Each factor of influence refers to the factor of influence that each website domain name is corresponding with the website attribute information type of current url generation association.Such as, website domain name A and current url have identical email address, then the weights of this website domain name A are the weights product with the email factor of current url.If website domain name B and current url have identical IP address, then the weights of this website domain name B are the weights product with the IP factor of current url.The like, it is calculated the weights of each website domain name.
If the factor of influence that website domain name associates with current url is multiple, such as, when there is identical email address with identical registered user name, it is determined that the maximum of the two factor of influence can be selected during factor of influence to be used as the factor of influence of website domain name and current url.Or, it is also possible to distribute different weights for different website attribute informations, but summation is 1, identical if there is multiple website attribute informations, then coefficient corresponding for each website attribute information is weighted, determines factor of influence.The website domain name that weights exceed predetermined threshold value is added in queue to be detected.
Then, Database module 304 is taken out url one by one from queue to be detected and the current url taken out is triggered anti-chain detection module 305 or site information detection module 306, until queue to be detected is empty, and all url added in queue to be detected or website domain name is utilized to build malice network address database.
Owing to website domain name is the special case of url, in url storehouse, what website domain name was pointed to is the homepage of this website.Thus, website domain name can change into website homepage url, is used uniformly across url and is indicated in malice network address database.
Due to the factor of influence 0 < α < 1 arranged, after constantly repeating, the weights of calculated url can be more and more less, it is in convergence process, when the weights of all url are respectively less than predetermined threshold value, when the most no longer increasing queue to be detected and queue to be detected newly for sky, collect the closure of the suspected site obtaining a collection of association.
Utilize these all url occurred in queue to be detected or website attribute information corresponding to website domain name, those url or website domain name and weights, be saved in data base, build malice network address database, form a underground industry data database.Maliciously network address database can be, but not limited to use the mode of table index to store, including the url information collected, email address information, domain name (domain) information, ICP information, IP address information etc..

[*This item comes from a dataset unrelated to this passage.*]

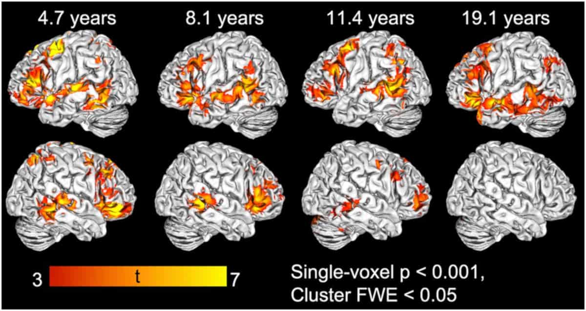 Lo studio dunque mostra che nei bambini piccoli, tra 4 e 6 anni, le funzione linguistiche sono caratterizzate da bilateralismo cerebrale. Mentre la loro lateralizzazione cerebrale avviene più tardi, in modo graduale, durante lo sviluppo del cervello dell’individuo. Secondo i ricercatori, il coinvolgimento dell’emisfero destro del cervello nell’elaborazione del linguaggio inizia a diminuire durante l’infanzia, dopo i sei anni di età, e nella prima fase dell’adolescenza, fino a scomparire con l’età adulta.

Utilize the malice network address database built, the unknown url the most maliciously can be detected.A kind of identification device may include that inquiry judging module, directly obtains url to be detected, whether comprises this url to be detected in inquiry malice network address database, if it is, determine that described url to be detected is for maliciously network address.And for the url that directly cannot find in malice network address database, it is possible to use comprise the record of relevant information, be identified.Below by embodiment four, the identification device of the malice network address that the present invention provides is illustrated.
Fig. 4 is the identification device schematic diagram of the malice network address that the present embodiment provides.As shown in Figure 4, this device includes:
Parsing module 401, is used for obtaining url to be detected, resolves the website attribute information of this url.
For url to be detected, parsing module 401 extracts the domain name of correspondence, utilizes the tool queries such as whois to obtain the website attribute information of this url to be detected, including website name, website everyone, everyone email of website, exabyte, IP address, the information such as No. ICP.
Enquiry module 402, resolves, for utilizing, the website attribute information obtained, and in malice network address database, lookup and described url to be detected have the malice network address of same alike result information, and described malice network address database is to use the device described in embodiment three to set up.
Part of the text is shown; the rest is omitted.